We believe that the EU and national regulators need to provide additional unified “instructions” that will allow banks and third parties to adequately harmonise and interpret PSD2 and GDPR requirements now during the transitional period and afterwards.

Given the new sanctions for GDPR non-compliance (up to 4% of the global annual turnover of the company), there is a risk that if such a unifying regulation does not appear, some banks may prioritise compliance with the GDPR over PSD2. Such a solution would probably lead to a significant limitation of TPPs’ access to data and a very strict interpretation of the scope of the client’s consent. Ultimately, it would have a negative impact on the usability of third party services and the added value of the newly introduced services for the end users brought by PSD2.

In our opinion, banks and TPPs both should in any case avoid making the strategic mistake of implementing PSD2 and the GDPR separately. On the contrary, they should ensure their mutual coordination and account for the requirements of both regulations at the same time.

As for the matter of consents, we believe that the current approach to API in the British Open Banking initiative offers a functional model that can serve as a good basis and that it could be interesting for third parties in the United Kingdom and elsewhere in Europe to draw inspiration from this approach.

Important

This summary was formulated only on a general level and in this respect we strongly recommend obtaining expert support of a specialised advisor before making any further steps. We will naturally gladly be of assistance in this context.
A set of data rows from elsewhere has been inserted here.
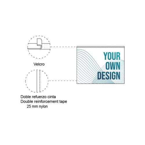 Rektangulært flagg laget av polyesterstoff. Det har borrelås av "hun"-typen sydd rundt hele kanten. "Hann"-delen leveres separat for enkel montering på ulike overflater. Du kan velge bredde og høyde etter ønskede mål. Flaggets tekstiloverflate kan tilpasses med farger og/eller design etter eget ønske.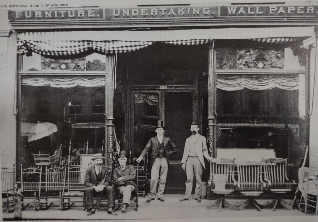 Sounds odd that Rau’s store in Beloit, Wisconsin would specialize in such varied options until you realize the cabinet maker also had a talent for constructing coffins.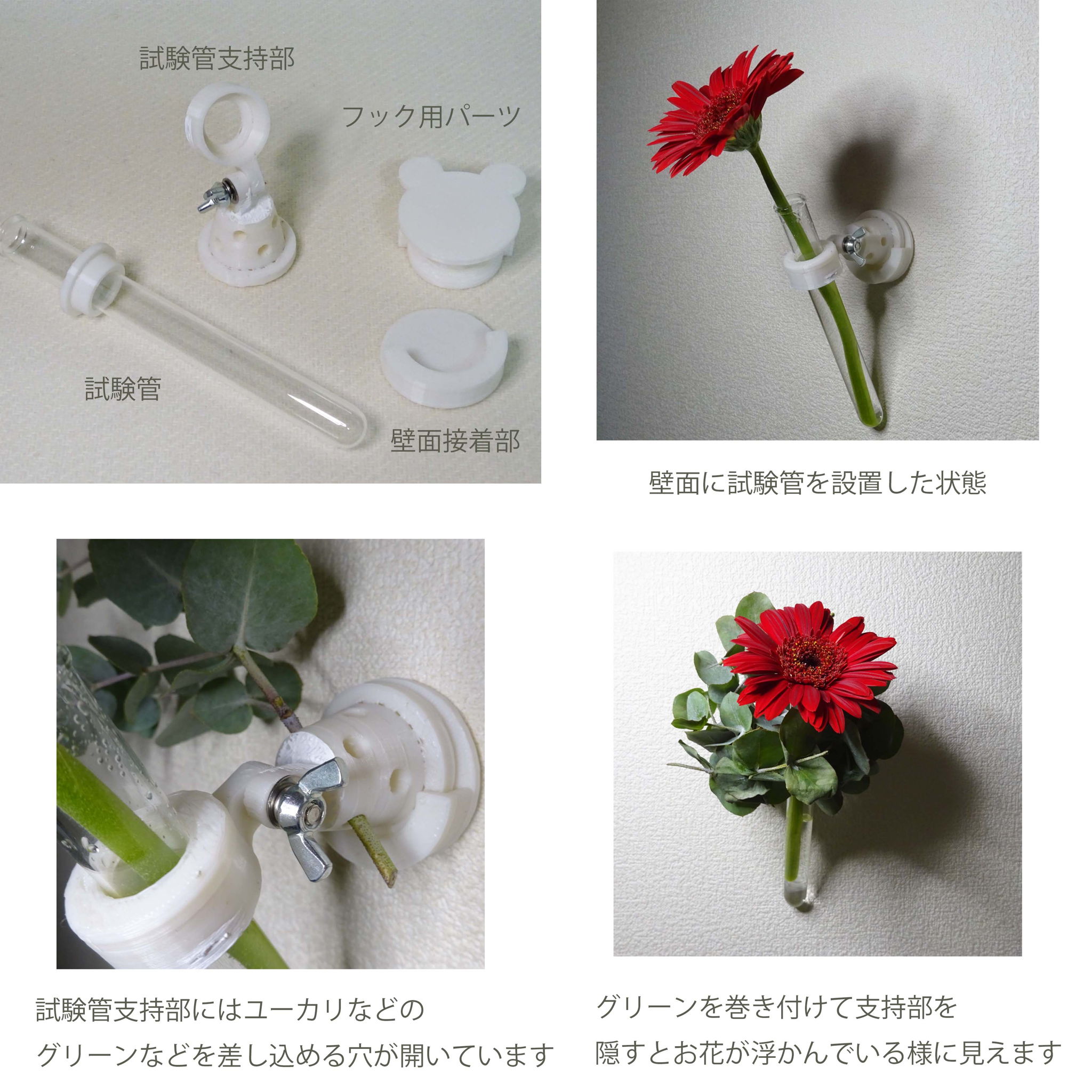 試験管を使用した空間に花を浮かべる装置。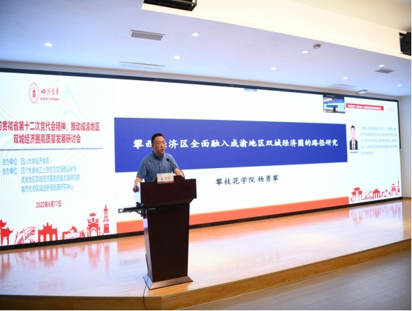 On June 17, 2022,a seminar onStudying and Implementing the Spirit of the 12th Provincial Party Congress and Promoting the High-quality Development of the Chengdu-Chongqing Economic Circlewas held in the N200 Academic Lecture Hall.The seminar was hosted by the School of Economics of Sichuan University, and co-organized by the School of Ecological Civilization Construction in the Upper Yangtze River of Sichuan University, the High Quality Development Research Institute of the Chengdu-Chongqing Economic Circle, and the Urbanization and Regional Innovation Pole Development Research Center.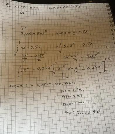 Jag är nästan 100% säker på att jag gjort fel här. Jag förstå mig inte på helheten i att ställa upp funktionen. I boken säger de att man ska ta f(x) - g(x) , då den visar att f(x) är högst upp, nej jag fattar inte, det känns lite ludigt.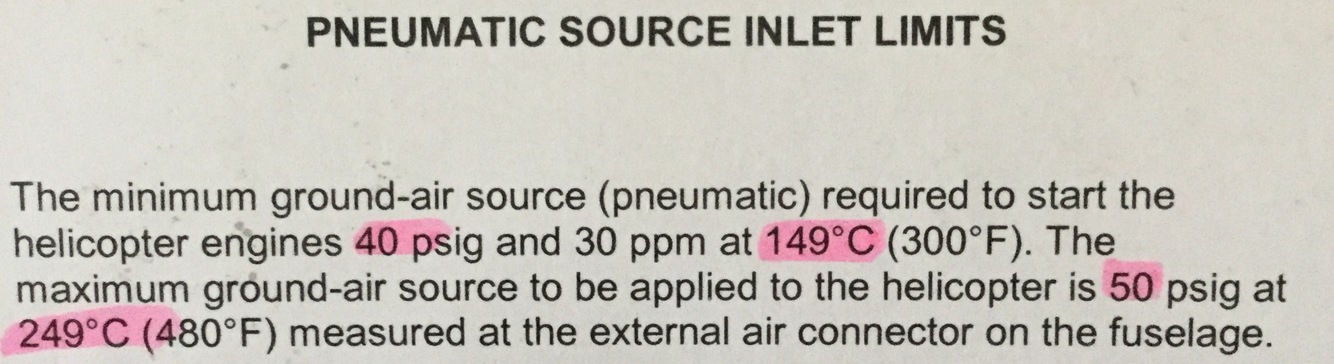 Min ground-air source req’d to start is _psi _ppm at__c.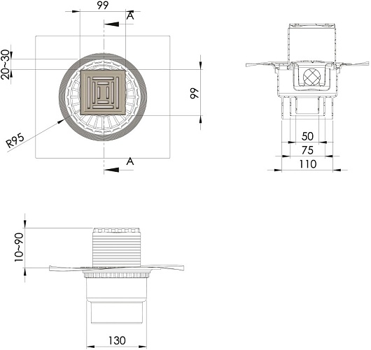 BERGES Wasserhaus Душевой трап Zentrum Uno 100 090471 хром матовый

1 The GDPR introduces a new standard of consents required for personal data processing. Although PSD2 does not offer its own definition of (client) consent, companies implementing PSD2 should not automatically follow the assumption that a limiting interpretation of the GDPR will have to be applied in all cases, since not all payment data are necessarily also personal data.

2 This name for these services is used by the newly adopted Payments Act that implements PSD2 provisions in Czech law.

3 The nine largest British banks according to CMA that are already subject to the Open Banking standard are: Bank of Ireland, Barclays, Danske, HSBC, Lloyds Banking Group, Nationwide, RBS Group and Santander – author’s note.

4 The RTS explicitly state that the name of the account holder and account number do not constitute sensitive personal data.

5 Fuzzy logic is a calculation method based on “degrees of probability”, unlike the usual “true or false” (1 or 0) in Boolean logic.

6 RTS for strong customer authentication and secure communication will come into force 18 months after their publication in the European Union Official Journal.

7 A method using a computer program for copying data from a website designed for showing information to regular users, unlike the use of standard communication via API. A screen scraping software usually identifies itself to the provider as a human user, not as a robot.

8 Screen scraping allows TPPs to access any information that is available to clients on the online banking platform, same as if the users logged in themselves.